• Connecticut’s Community Health Center, Inc., with its network of over 100 SBHCs across the state, created a Transition Age Youth (TAY) playbook with templates from the Six Core Elements of HCT embedded in their EHR.
  • Michigan’s Department of Health and Human Services partnered with the Blue Devil Wellness Center in Wakefield, Michigan, an SBHC run by the health department of Northwest Michigan, to replicate an SBHC transition project based on the Six Core Elements of HCT.

What health care transition tools did you customize for your HCT program?

  • CT: The HCT tools we are using include a transition policy, a registry, a transition readiness assessment, and a transition plan of care. We created a Transition Age Youth (TAY) playbook with these tools and embedded them as templates into our clinic processes and EHR dashboard. Behavioral and medical providers receive alerts when and if a TAY is needed for young adolescents preparing for the transition. This alert also identifies specific high-risk populations, including those with complex care needs.
  • MI: The HCT tools we are using include a welcome and care policy, a transition readiness assessment, a medical care and emergency plan summary, and a resource for finding an adult doctor for students leaving the school.

Who was part of your SBHC quality improvement team for your HCT Program?

  • CT: We involved the chief medical officer, chief behavioral health officer, chief of pediatrics, nursing officer, product manager, senior quality improvement team, the business intelligence team, senior EHR analyst, SBHC regional directors, and SBHC clinical staff.
  • MI: We involved the section manager for policy and program development and the transition specialist from the state of Michigan’s Children’s Special Health Care Services. Also, from the state, we involved the nurse and clinic managers for the School-Based Health Section within the Child and Adolescent Health Section. An administrative representative from the local public health department was also involved in overseeing the school clinic activities. Clinic staff involved included the administrative/medical assistant, nurse, and social worker.

What population of students did your HCT intervention serve (e.g., all high school students, juniors and seniors only, etc.)?

  • CT: Initially, our SBHCs focused on adolescents 17 and older with behavioral health conditions. The TAY effort has now expanded to all adolescent patients ages 13-21 with behavioral health conditions. We are also in the process of expanding our TAY process to our school medical providers.
  • MI: Our pilot targeted junior and senior students in a rural SBHC.

What would you say is the most important component and/or tool of your HCT intervention for students?

  • CT: We found that having conversations with the providers regarding the tools for transitioning to an adult model of care was very important. In addition, having a TAY care module with Transition Readiness, Transition Planning, and Transition of Care and Transfer Completion was helpful to standardize the approach along with adding transition recommendations and discharge information to the care plan template.
  • MI: The most important component for the students in our pilot was the transition readiness assessments. Students were engaged in the process and were surprised to consider all of the different aspects of health care transition.
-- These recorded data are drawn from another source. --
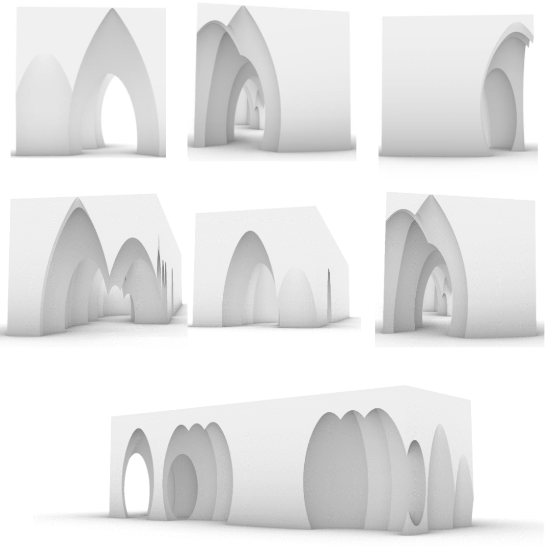 From many original cultural and public museumplaces in the site of Kassel, important elements such as arcades and archesderived from classical architecture are extracted, which is also extracted fromthe previous stage of translation of the music and mechanism of instrument andarchitectural vocabulary establishment. In this program, a sound art museum isdesigned to abstract and deform the traditional arches and arcades, and seekthe connection between space and function on this basis. Three different spaceswere created: the ground floor arcade space defined by the axis of the citymuseum;, Many concave spherical arch spaces are formed inside, which makes thesound generated in the space full of changes; The umbrella-shaped arch spaceconnecting the upper and lower layers in series, the tall convex space formedby it makes the sound easy to concentrate, the atmosphere is solemn, andprovides a meditation space for stopping and meditating.
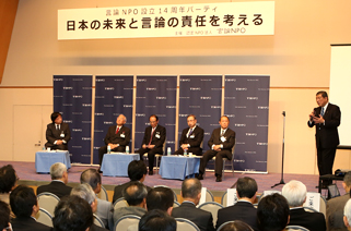 The Genron NPO's president Yasushi Kudo opened discussion as chair on "The Future of Japan and the Responsibility of Debate" with advisory board members Kazuo Ogoura, Mitsuo Ohashi, Yuji Miyamoto and Ichiro Fujisaki. They also reflected on the late Yotaro Kobayashi's contributions to democracy in Japan and agreed on the importance of public debate for the future of Japan.
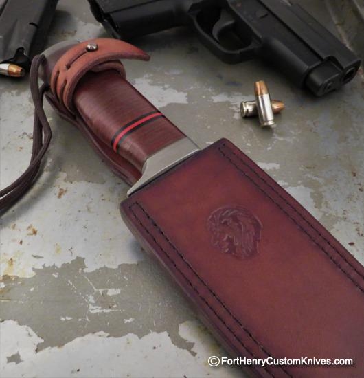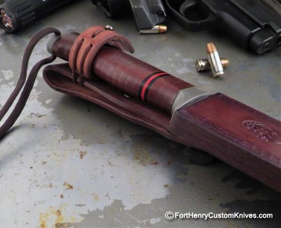 The Handle scales are Beautiful Stacked cowhide leather that has been impregnated with beeswax and polycarbonate for a resilient and long lasting life. Black and G-10 Red Spacers have been added for a pop of color. A Full Hidden Tang goes all the way through the handle. The Buttcap is Securely fitted with a Wide Stainless Blind Screw.
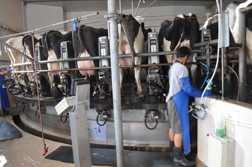 Am ajuns la Şieu Odorhei într-o dimineaţă în care începuse mulsoarea. În incinta respectivă, totul este mecanizat şi computerizat. Am văzut animale intrând în boze, cărora li se scanează numărul şi le este măsurată cantitatea de lapte după ce au fost mulse. Dacă aceasta corespunde standardelor, se aprinde un bec verde, dacă este prea mică, altul roşu. Animalul respectiv are o problemă şi nu va mai putea ieşi din ţarc împreună cu celelalte, ci va fi direcţionat spre o zonă în care medicii veterinari îl examinează şi văd de ce are nevoie. Nimeni nu intră în contact cu laptele, acesta fiind direcţionat direct din ugere într-un tanc, adus la temperatura potrivită şi trimis la Monor, la fabrică. În felul acesta e cât se poate de curat şi lipsit de germeni, ideal pentru a fi folosit ca materie primă pentru produse proaspete. De fapt, singurul.
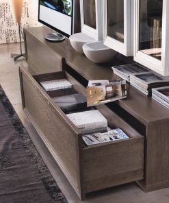Пример композиции для гостиной. Включает в себя два модуля с выдвижными ящиками, три подвесных модуля со стеклянными дверцами и две подвесные полки. Возможны другие варианты отделки. Стёкла могут быть дымчатыми или прозрачными
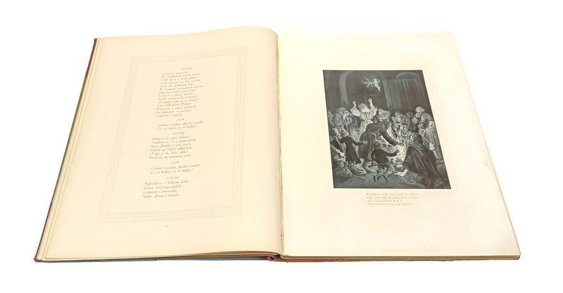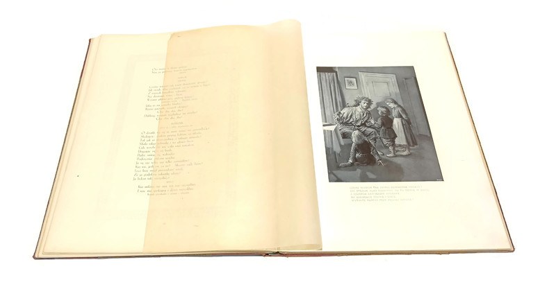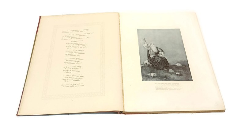 oprawa twarda, szeroki grzbiet i narożniki płócienna, papier na licach, złota miniatura i tłoczenia, s. 106, ilustracje, duży format 37x28,5cm
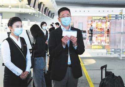 9月22日,在北京大兴国际机场,第1000万名旅客聂先生(前右)展示机票。 当日,北京大兴国际机场迎来第1000万名旅客,标志着北京大兴国际机场自投运以来旅客吞吐量首次突破千万人次大关。预计到2020年底,大兴机场投运以来旅客吞吐量将达到1600万人次。 新华社记者 任超摄

What advice do you have for others implementing HCT in schools for the first time?

  • CT: Start the process with a reasonable number of students, depending on the organization’s size. Consider starting with an identified high-risk patient population, such as those with complex care needs and/or behavioral health needs, as these patients will likely require added support and facilitated linkages to adult care. Begin the transition care plan and continue transition discussions in subsequent visits. Embed the process into the current process for care delivery and leverage the entire care team. Continue training providers/clinicians on implementing new strategies to remove any gaps in care needed for transition.
  • MI: Utilize existing tools as much as possible. It streamlines the process so clinics can focus on working with students. Maximize the engagement of the medical assistant in the process as part of the implementation. In our pilot, the medical assistant had the most time with the students. In addition, their rapport and trust with students were significant in the success of the pilot.